[[ GIVEN INFORMATION open ]]
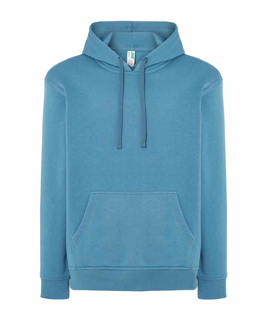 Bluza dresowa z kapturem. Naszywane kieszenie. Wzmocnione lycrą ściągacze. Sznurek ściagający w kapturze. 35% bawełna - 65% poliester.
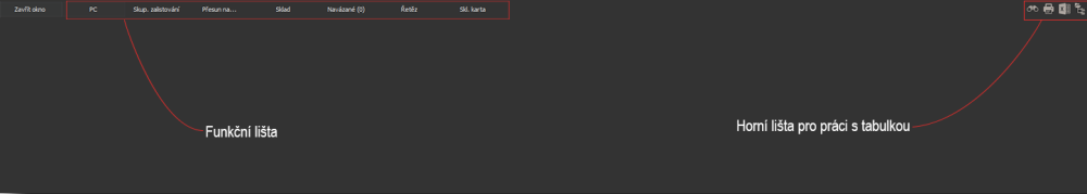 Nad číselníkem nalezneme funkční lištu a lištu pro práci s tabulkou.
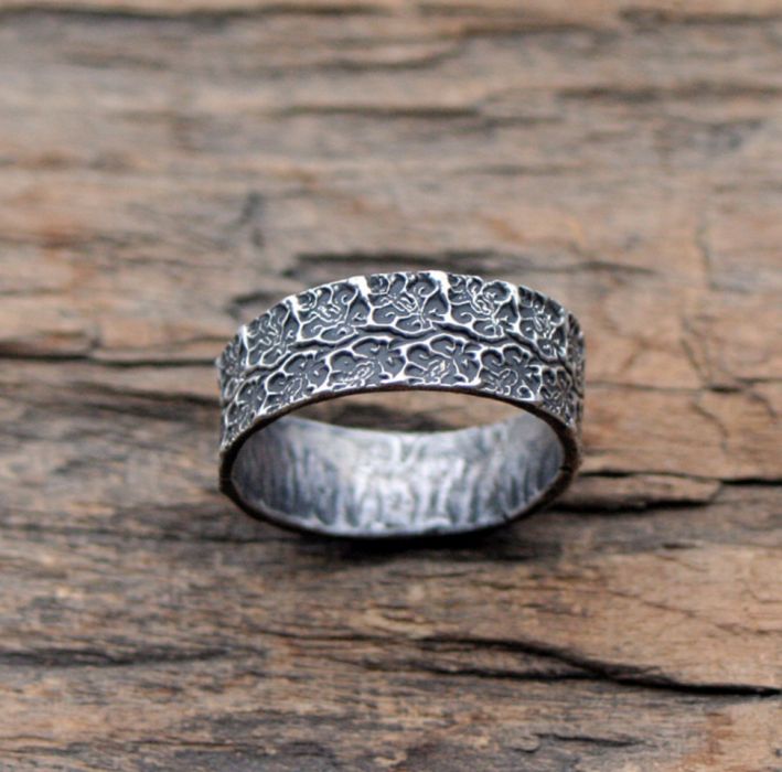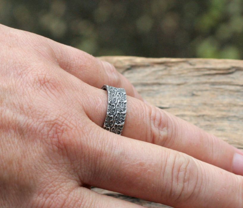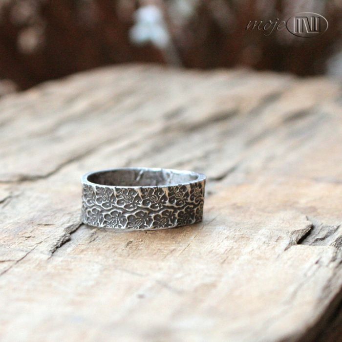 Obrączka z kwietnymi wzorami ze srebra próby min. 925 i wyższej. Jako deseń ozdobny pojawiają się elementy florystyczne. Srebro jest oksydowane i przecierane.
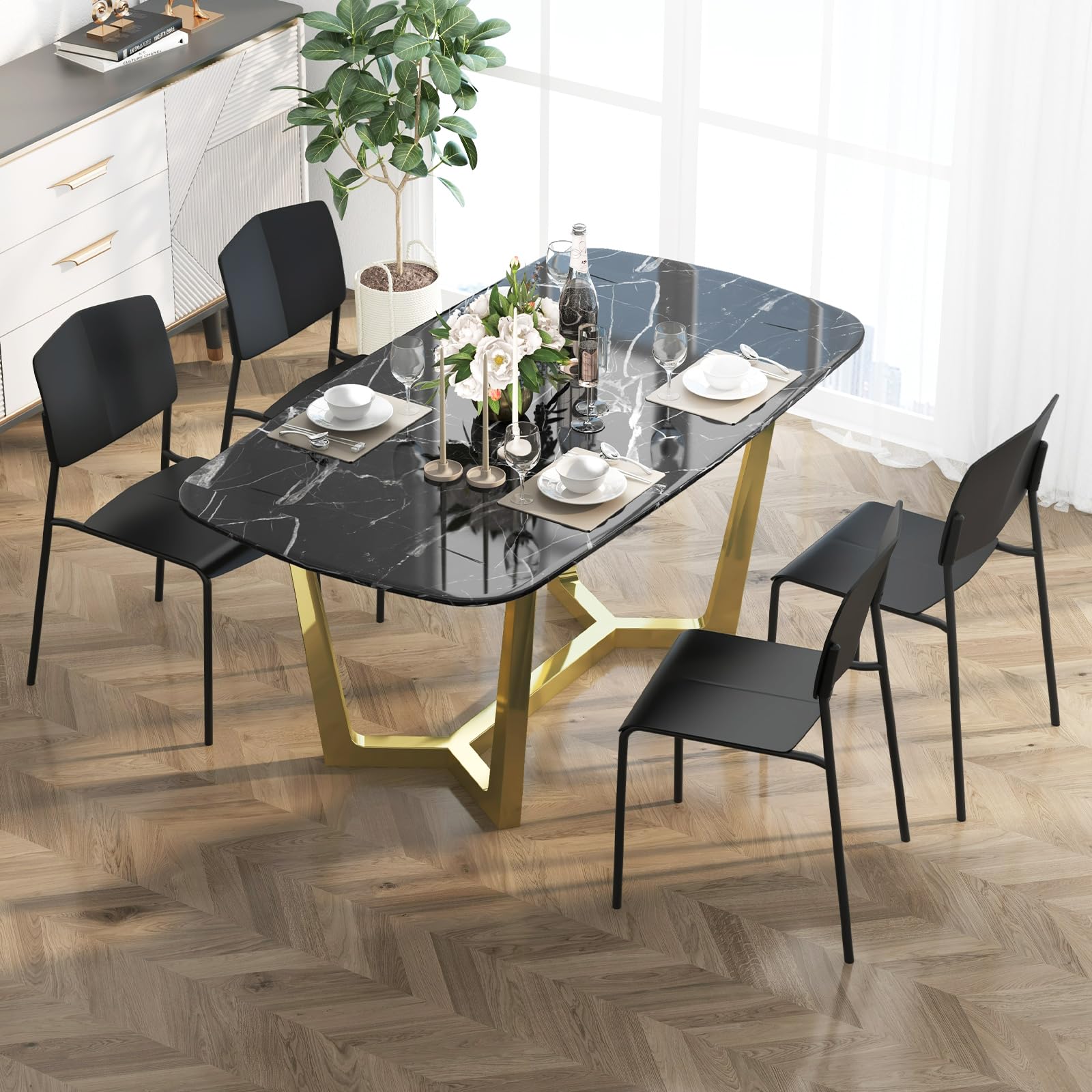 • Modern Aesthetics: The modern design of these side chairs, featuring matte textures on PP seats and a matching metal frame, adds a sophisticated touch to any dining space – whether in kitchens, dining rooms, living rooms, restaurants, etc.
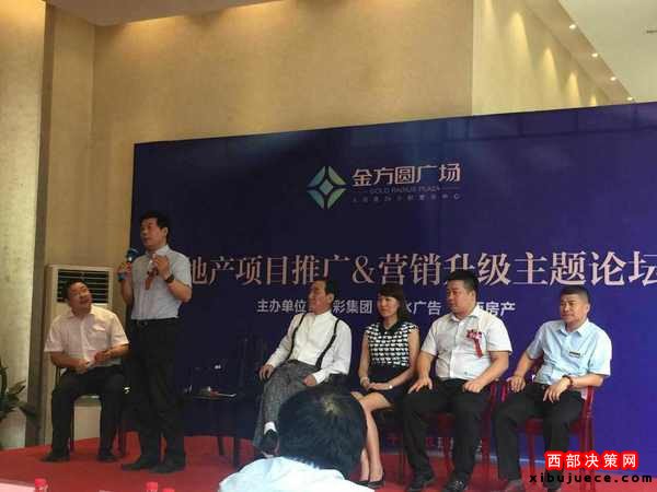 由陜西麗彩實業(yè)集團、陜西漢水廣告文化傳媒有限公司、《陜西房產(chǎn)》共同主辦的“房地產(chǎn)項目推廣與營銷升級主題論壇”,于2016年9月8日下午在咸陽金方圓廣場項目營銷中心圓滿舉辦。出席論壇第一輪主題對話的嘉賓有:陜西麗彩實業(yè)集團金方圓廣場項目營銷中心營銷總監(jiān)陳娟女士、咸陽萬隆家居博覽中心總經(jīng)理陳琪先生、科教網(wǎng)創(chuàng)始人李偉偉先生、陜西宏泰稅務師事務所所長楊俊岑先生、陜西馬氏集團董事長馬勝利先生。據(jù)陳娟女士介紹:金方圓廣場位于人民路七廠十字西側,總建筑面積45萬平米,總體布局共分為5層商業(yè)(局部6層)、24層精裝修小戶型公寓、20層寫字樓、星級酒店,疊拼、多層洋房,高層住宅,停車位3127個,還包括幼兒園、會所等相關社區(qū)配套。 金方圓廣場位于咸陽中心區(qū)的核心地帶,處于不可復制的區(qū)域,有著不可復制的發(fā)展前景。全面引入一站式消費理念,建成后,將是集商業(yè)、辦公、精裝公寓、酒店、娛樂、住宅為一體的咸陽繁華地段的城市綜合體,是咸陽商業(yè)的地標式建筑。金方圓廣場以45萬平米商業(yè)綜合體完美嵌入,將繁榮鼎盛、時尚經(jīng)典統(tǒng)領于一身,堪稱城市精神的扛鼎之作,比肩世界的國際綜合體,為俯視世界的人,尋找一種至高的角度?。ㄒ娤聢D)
[[ GIVEN INFORMATION closed ]]
*WHAT IS REQUIRED*.
Write out exactly the lines above between the one with "Nad číselníkem nalezneme" and the one with "Obrączka z kwietnymi", inclusive, with pictures left out.

*PROBLEM SOLUTION*.
 Nad číselníkem nalezneme funkční lištu a lištu pro práci s tabulkou.
 Obrączka z kwietnymi wzorami ze srebra próby min. 925 i wyższej. Jako deseń ozdobny pojawiają się elementy florystyczne. Srebro jest oksydowane i przecierane.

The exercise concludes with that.